The writer Larry Woiwode knows America to be a land that will never truly renounce Christianity both Catholic and Protestant, and this is glowingly reflected in his fiction about the Neumiller family of North Dakota.

Much of this fiction is in the form of short stories like “The Suitor”, whose protagonist, Martin Neumiller, proposes marriage to Alpha Jones.  Martin is a Catholic Christian who receives bad vibes from Alpha’s feisty, drunken father and shortsighted Protestant mother; but the standard attachment to a major institution—i.e. marriage—brings resolution.  The parents are happy their daughter was proposed to.

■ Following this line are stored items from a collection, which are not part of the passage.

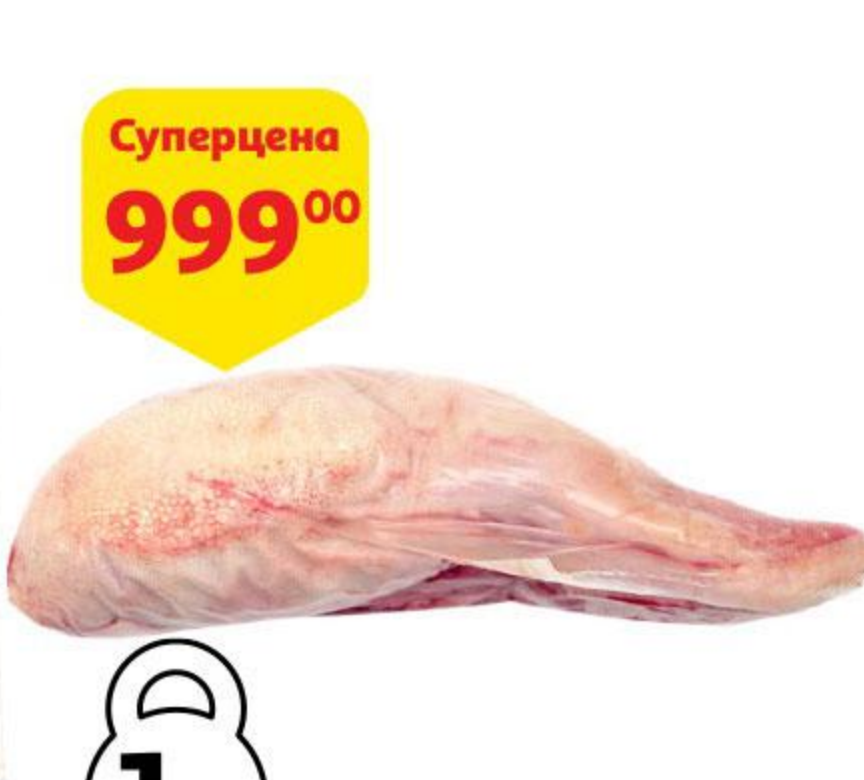
Язык говяжий ЭКОЛЬ Халяль охлажденный, 1 кг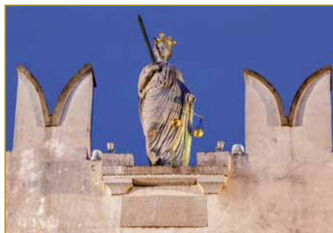
Pravica aj bi skrb mejla, ka se vse po pravici dela, nika se ne nori, se istina vö ne obrača. Takše se ne vidi samo v Kopri. Pravica je trnok poznana. Je pa istina, ka bi vekčrat s tistov sablov leko vsekla, gda ji tau vaga pokaže.

dvej menjšivi palači stali, kauli leta 1250 sta zozidani vi bili. Zgodovina Pretorske palače pa je dosta toga do-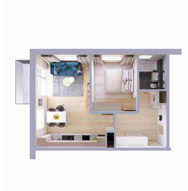
Schéma půdorysu bytu představuje dispoziční řešení bytu.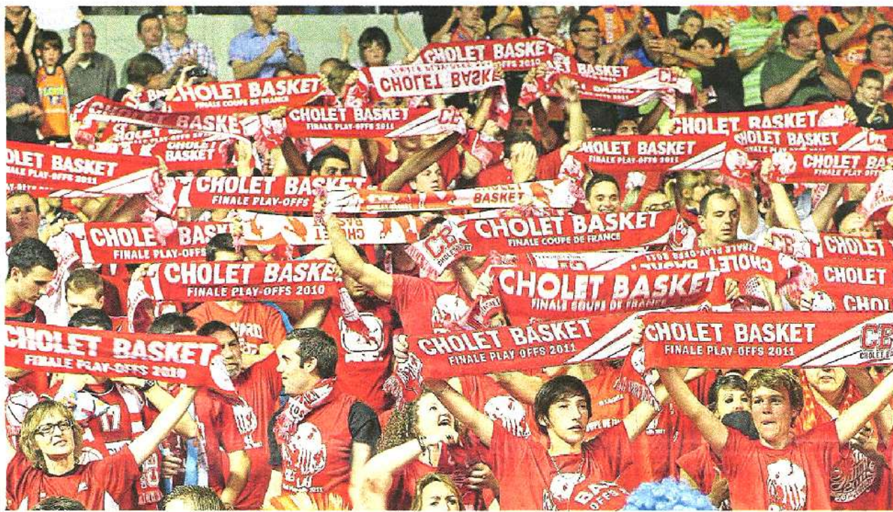
Le Mans, salle Antarès, samedi 9 juin 2012. Les supporters de Cholet Basket espèrent revivre des moments très intenses comme ce match d'appui en demi-finale des play-off face au Mans où ils s'étaient déplacés en très grand nombre.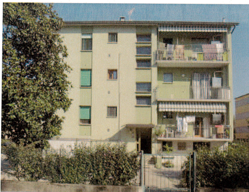
Via Malibran civ. 9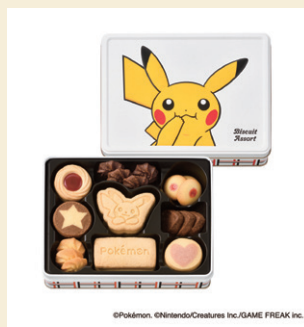
《ユーハイム (ポケモン)》 ビスケットアソート (110g) 2,160円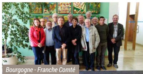
Bourgogne - Franche Comté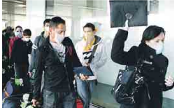
Ciudadanos mexicanos con mascarillas en Barajas.

por comunidades autónomas, en Cataluña existen catorce posibles casos. Es la región más afectada. Le sigue Madrid y Valencia donde ya están observando a doce personas. En Andalucía son once los casos en estudio y dos tanto en Castilla-León, como en Murcia y Galicia. Por su parte las regiones de Asturias, Extremadura, Navarra y La Rioja mantienen a una persona cada una pendiente de diagnóstico. Por su parte, la OMS ha elevado al cuatro el Nivel de Alerta en un baremo sobre seis, aunque la organización no recomienda restricciones para viajar al país mexicano. La gripe pandémica, que es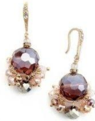
BEAD DROP EARRINGS MACY'S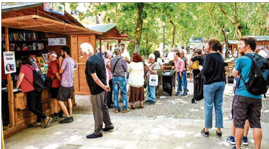
▲ La edición del pasado año en el bulevar de Peña Gorbea. JESÚS INASTRILLAS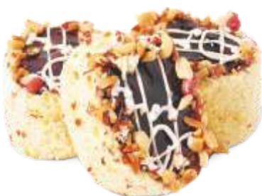
До-ре-ми Бисквит со сливками, изюмом и яблоками, декорированный шоколадным гелем и арахисом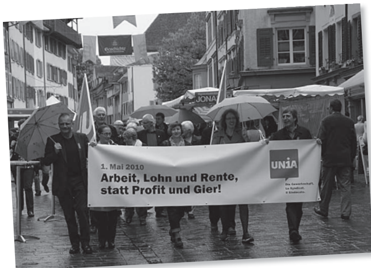
1. Mai-Umzug 2010 in Rheinfelden.

Im Jahr 2010 wirkte der Fachausschuss Justiz und Polizei an drei Vernehmlassungen mit.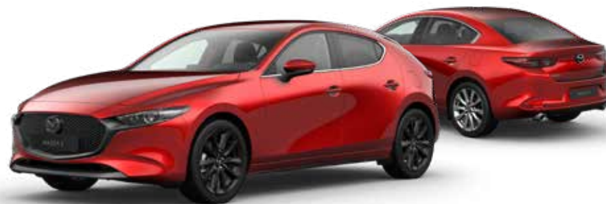
SOUL RED CRYSTAL METALLIC € 1.150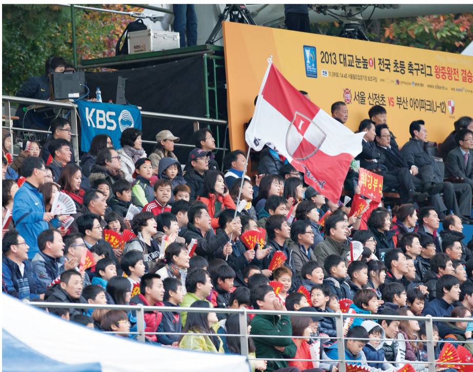
부산 U-12팀 이겨라~ 관중석을 가득 메운 부산 U-12팀 응원단 (부산 U-12팀 vs. 신정초)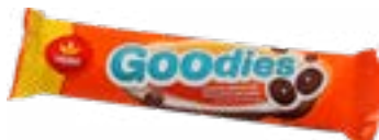
BISCUIT GOODIES CHOCOLAT AU LAIT 150G VIEIRA DE CASTRO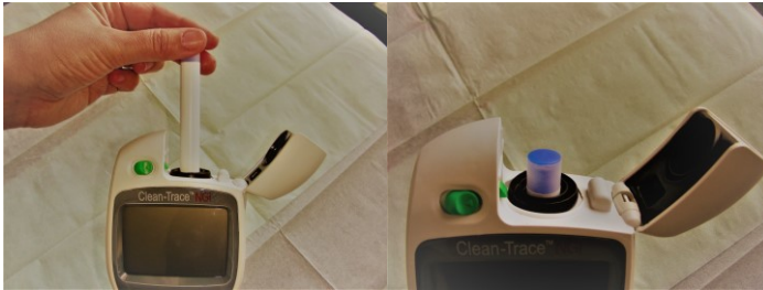
Figura 5 – Introdução do Swab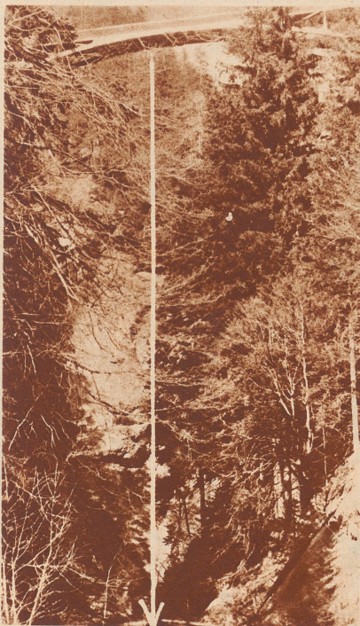
Die Versamer Brücke über die Rabiusaschlucht. Die senkrechte Linie markiert die Höhe der Brücke über dem Rabiusawasser, sie beträgt 70 Meter. Der Wagen stürzte nicht von der Brücke ab, sondern geriet – wie die Räder Spuren zeigten – unmittelbar vor derselben über die Straße hinaus.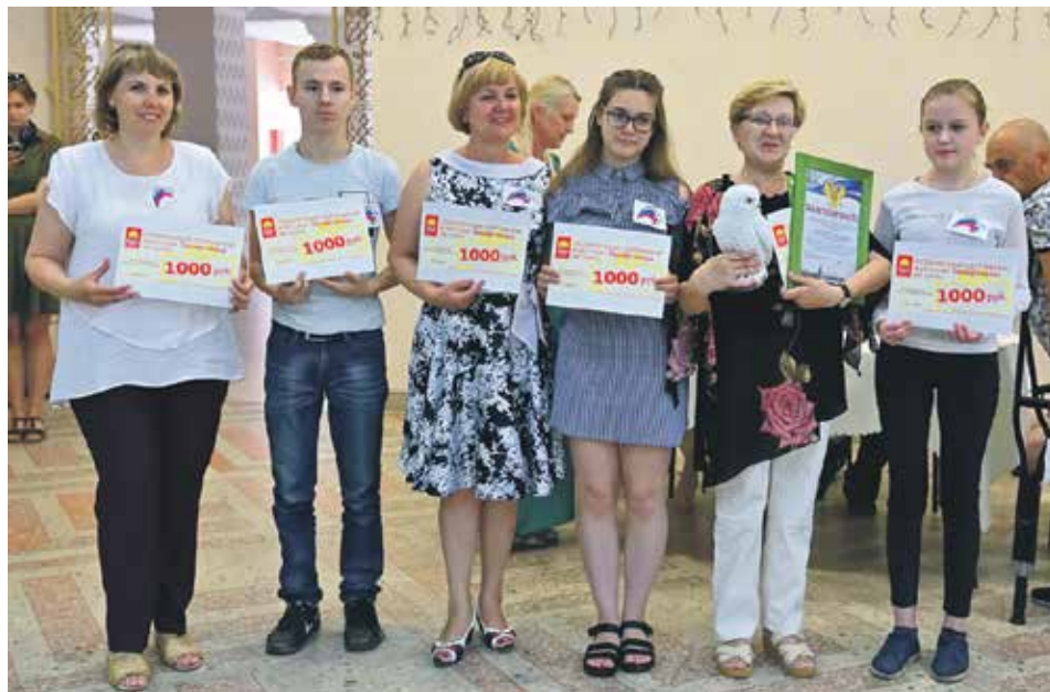
Дорога побед шлет стойким привет! «Супербизоны» стали лидерами соревнований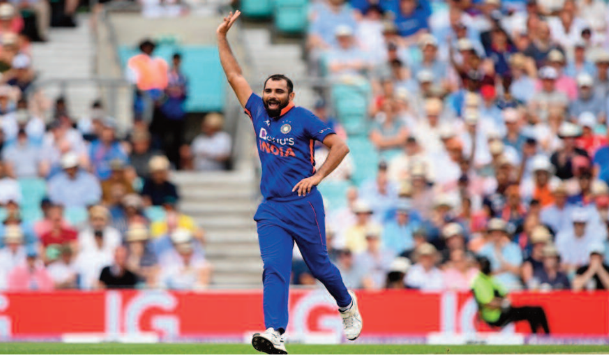
शमी पहले स्टैंडबाय खिलाड़ी के रूप में टीम के साथ थे। हालांकि, अब उन्हें 15 में शामिल किया जा सकता है। मोहम्मद शमी लिमिटेड ओवर क्रिकेट में कम ही खेलते हैं। लेकिन जिस तरीके से आईपीएल में गुजरत टाइम्स की ओर से उन्होंने प्रदर्शन किया था, उसके बाद से उनकी दावेदारी काफी

नई दिल्ली, 13 अक्टूबर 2022। भारत के स्टार गेंदबाज मोहम्मद शमी ऑस्ट्रेलिया के लिए रवाना हो चुके हैं। मोहम्मद शमी के साथ मोहम्मद सिराज और शार्दूल ठाकुर भी ऑस्ट्रेलिया के लिए रवाना हुए हैं। जानकारी के मुताबिक मोहम्मद शमी जल्द ही टीम इंडिया से जुड़ जाएंगे। ऐसे में माना जा रहा है कि मोहम्मद शमी को जसप्रीत बुमराह के जगह भारतीय टीम में शामिल किया जा सकता है। आपको बता दें कि टी 20 विश्व कप से ठीक पहले जसप्रीत बुमराह चोटिल हो गए हैं। जिसकी वजह से उन्हें टीम से बाहर होना पड़ा है। जसप्रीत बुमराह के जगह किस टीम में शामिल किया जाएगा, इसको लेकर बीसीसीआई की ओर से फइनल निर्णय नहीं लिया गया है। इसके अलावा स्टैंडबाय खिलाड़ी के रूप में टीम में शामिल उपेक चाहर भी चोटिल हो गए हैं जिसकी वजह से उन्हें भी बाहर होना पड़ा है। दीपक चाहर के चोटिल होने की वजह से सिराज और शार्दूल ठाकुर को ऑस्ट्रेलिया भेजा जा रहा है। मोहम्मद

The incidents in “Marie” take place many years later, after Alpha has passed on and Martin intends to remarry.  Marie is the youngest child of the couple:  she has grown up without a mother and knows she cannot possibly fill the woman’s shoes for the family (“I can’t do anything right”).  Yet, as Marie points out, she is the one who’s alive, she is here, albeit Woiwode demonstrates his firm belief in God by making it seem that Alpha Neumiller is not really a person of the past.  Somehow she lives too, her death not looked at through a nihilistic lens.

Woiwode is a man of faith whose prose is soothingly subtle and gently penetrating.

“The Suitor” and “Marie” can be found in his book The Neumiller Stories.